- [EXERCISE GOAL]
The records below are to be copied word for word, with every picture left out.

- [GIVEN RECORDS]
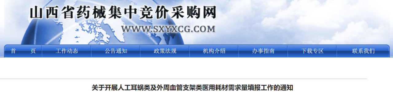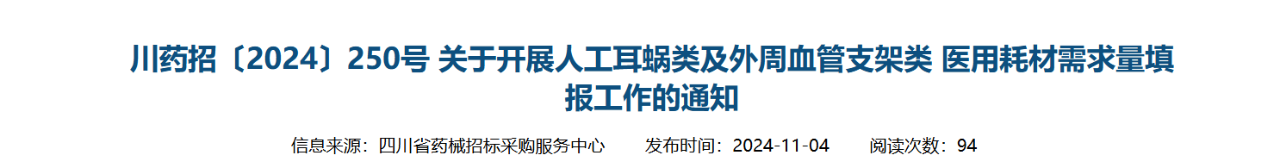 11月4日,山西、四川接連發(fā)布“開展人工耳蝸類及外周血管支架類醫(yī)用耗材需求量填報(bào)工作”的通知。
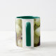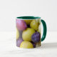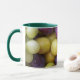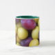 White mug with dark green handle and rim, decorated with a photograph of autumn fruits.
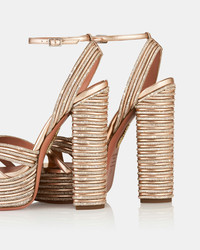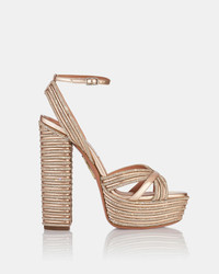 Perfect for special moments, these Sundance Sparkle Plateau Sandals are meticulously crafted in Italy from metallic mirror-effect leather and adorned with stripes of sparkling crystals to match the rose-gold shade. Theyre set on impressive 140 mm block heels, balanced on chunky platforms, and secured with flattering straps across the vamp and around the ankle for a confident stride. Adjustable buckle closure Block heel Crystal embellishments Padded leather insole Signature logo detailing Product: SPKHIGB0-LAM-ROG Made in: Italy
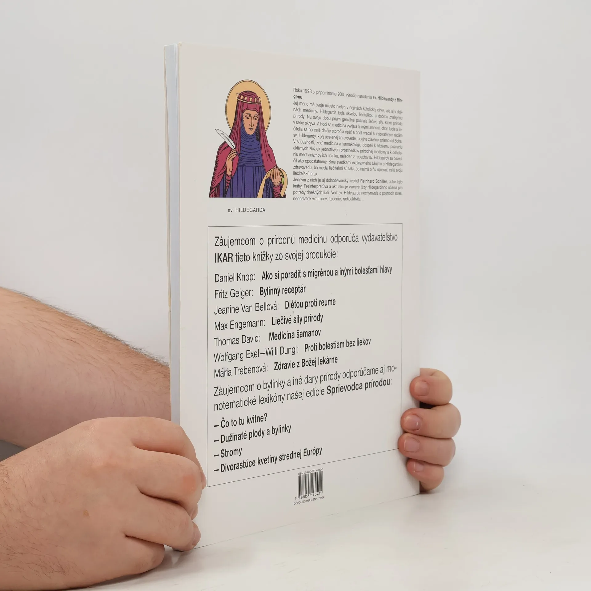 Meno sv. Hildegardy z Bingenu má svoje miesto nielen v dejinách katolíckej cirkvi, ale aj v dejinách medicíny. Hildegarda bola skvelou liečiteľkou a dobrou znalkyňou prírody. Na svoju dobu priam geniálne poznala liečivé sily, ktoré v sebe príroda skrýva. A hoci sa medicína vyvíjala aj inými smermi, chorí ľudia a liečitelia sa po stáročia opäť a opäť vracali k inšpiratívnym radám sv. Hildegardy, k jej ucelenej zdravovede, údajne zjavenej priamo od Boha. V súčasnosti, keď medicína a farmakológia dospeli k hlbšiemu poznaniu aktívnych zložiek jednotlivých prostriedkov prírodnej medicíny, ukázal sa nejeden z receptov sv. Hildegardy ako účinný. Záujem o Hildegardinu zdravovedu je stále intenzívny a medzi liečiteľmi sú mnohí, čo svoju liečiteľskú prax opierajú predovšetkým o jej metódy. Jedným z nich je aj dolnobavorský liečiteľ Reinhard Schiller, autor tejto knihy. Nanovo interpretuje a aktualizuje viaceré tézy Hildegardinho učenia pre potreby dnešných ľudí. Veď sv. Hildegarda nechyrovala o pojmoch ako stres, nedostatok vitamínov či fajčenie...
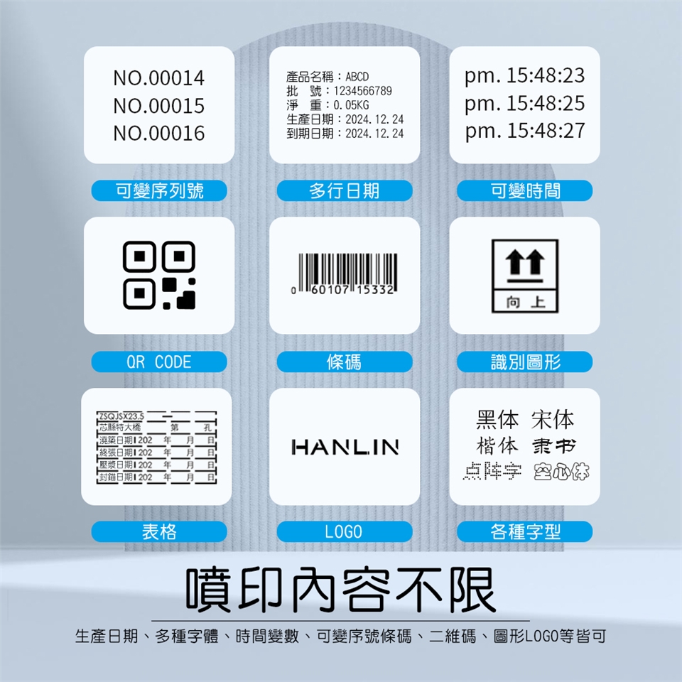 噴印內容:文字、圖形碼、日期、表格、圖形logo等
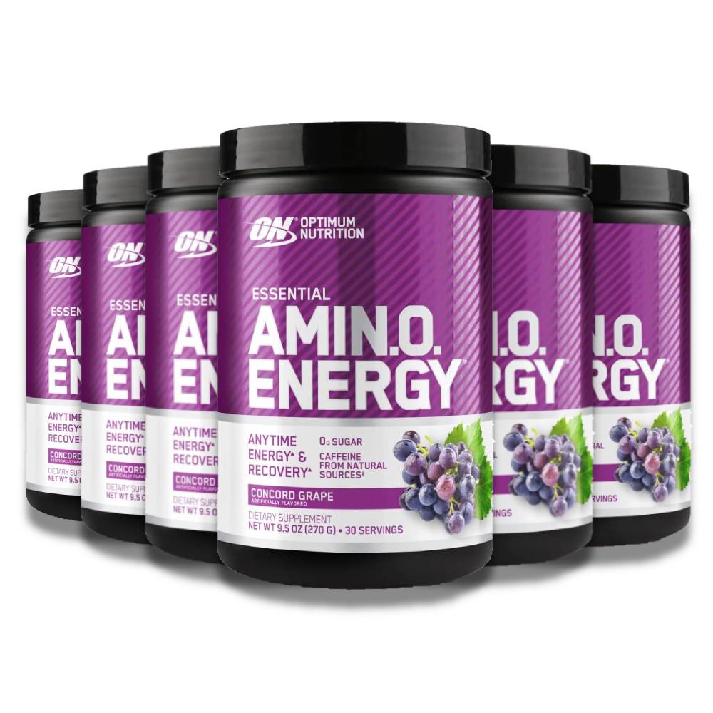 Optimum Nutrition - Amino Energy, Pre Workout, Energy Powder, Concord Grape - 9.5 Oz - 6 Pack
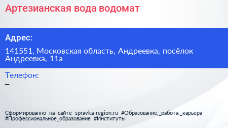 Артезианская вода, водомат по адресу 141551, Московская область, Андреевка, посёлок Андреевка, 11а в дальнейшем Организация, размещена в следующих категориях:
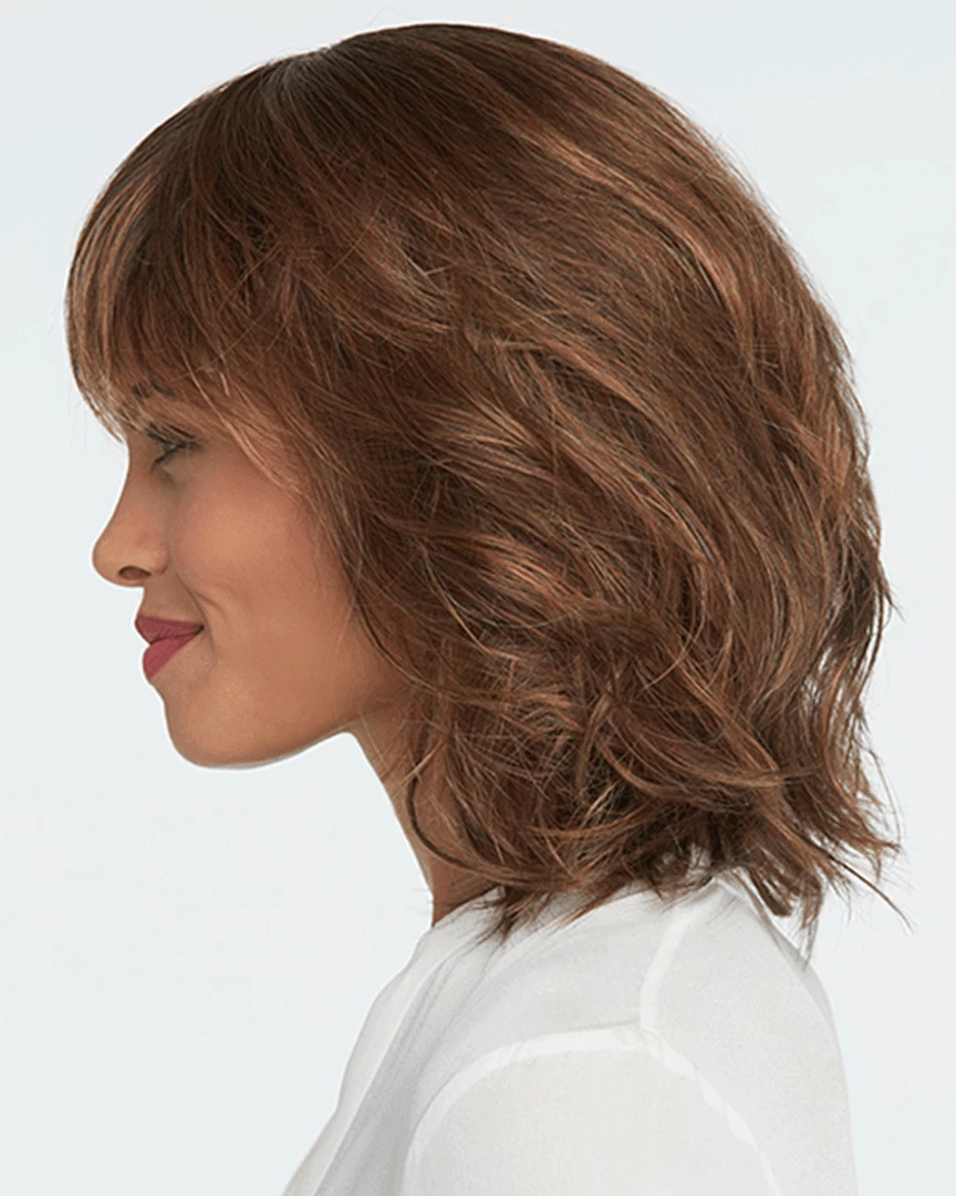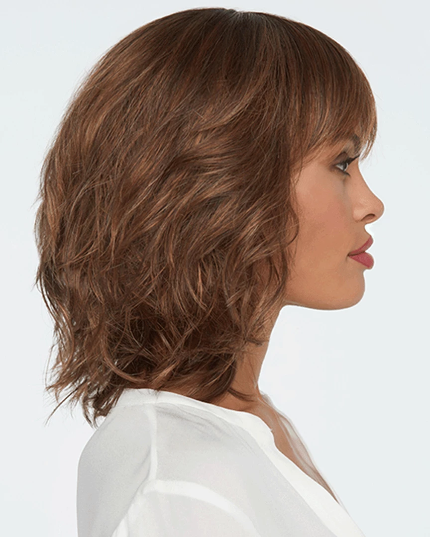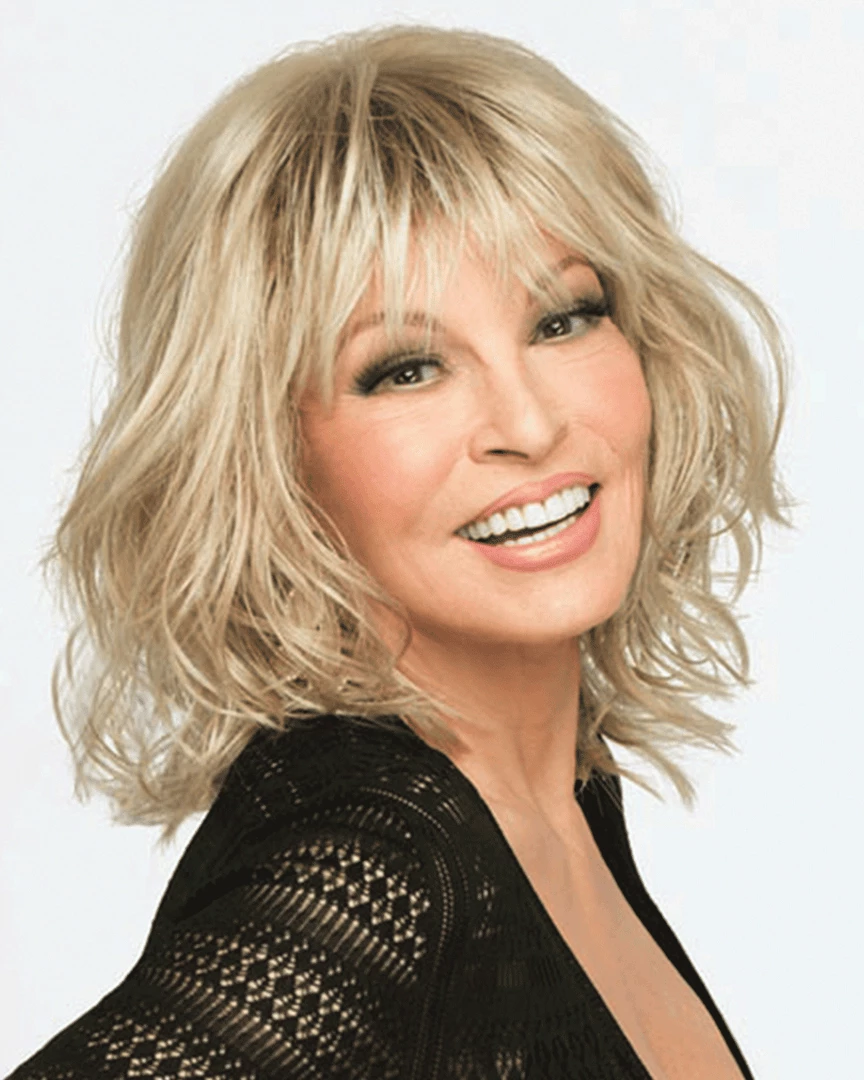 Stop Traffic by Raquel Welch. Texture and movement are the inspiration for this blunt, to-the-shoulder bob. A soft, razor cut fringe frames the eyes while tousled and loose curls are layered throughout for natural volume and an unconstructed look. The Sheer Indulgence monofilament crown provides a natural contour.

- [FINAL ANSWER]
 11月4日,山西、四川接連發(fā)布“開展人工耳蝸類及外周血管支架類醫(yī)用耗材需求量填報(bào)工作”的通知。
 White mug with dark green handle and rim, decorated with a photograph of autumn fruits.
 Perfect for special moments, these Sundance Sparkle Plateau Sandals are meticulously crafted in Italy from metallic mirror-effect leather and adorned with stripes of sparkling crystals to match the rose-gold shade. Theyre set on impressive 140 mm block heels, balanced on chunky platforms, and secured with flattering straps across the vamp and around the ankle for a confident stride. Adjustable buckle closure Block heel Crystal embellishments Padded leather insole Signature logo detailing Product: SPKHIGB0-LAM-ROG Made in: Italy
 Meno sv. Hildegardy z Bingenu má svoje miesto nielen v dejinách katolíckej cirkvi, ale aj v dejinách medicíny. Hildegarda bola skvelou liečiteľkou a dobrou znalkyňou prírody. Na svoju dobu priam geniálne poznala liečivé sily, ktoré v sebe príroda skrýva. A hoci sa medicína vyvíjala aj inými smermi, chorí ľudia a liečitelia sa po stáročia opäť a opäť vracali k inšpiratívnym radám sv. Hildegardy, k jej ucelenej zdravovede, údajne zjavenej priamo od Boha. V súčasnosti, keď medicína a farmakológia dospeli k hlbšiemu poznaniu aktívnych zložiek jednotlivých prostriedkov prírodnej medicíny, ukázal sa nejeden z receptov sv. Hildegardy ako účinný. Záujem o Hildegardinu zdravovedu je stále intenzívny a medzi liečiteľmi sú mnohí, čo svoju liečiteľskú prax opierajú predovšetkým o jej metódy. Jedným z nich je aj dolnobavorský liečiteľ Reinhard Schiller, autor tejto knihy. Nanovo interpretuje a aktualizuje viaceré tézy Hildegardinho učenia pre potreby dnešných ľudí. Veď sv. Hildegarda nechyrovala o pojmoch ako stres, nedostatok vitamínov či fajčenie...
 噴印內容:文字、圖形碼、日期、表格、圖形logo等
 Optimum Nutrition - Amino Energy, Pre Workout, Energy Powder, Concord Grape - 9.5 Oz - 6 Pack
 Артезианская вода, водомат по адресу 141551, Московская область, Андреевка, посёлок Андреевка, 11а в дальнейшем Организация, размещена в следующих категориях:
 Stop Traffic by Raquel Welch. Texture and movement are the inspiration for this blunt, to-the-shoulder bob. A soft, razor cut fringe frames the eyes while tousled and loose curls are layered throughout for natural volume and an unconstructed look. The Sheer Indulgence monofilament crown provides a natural contour.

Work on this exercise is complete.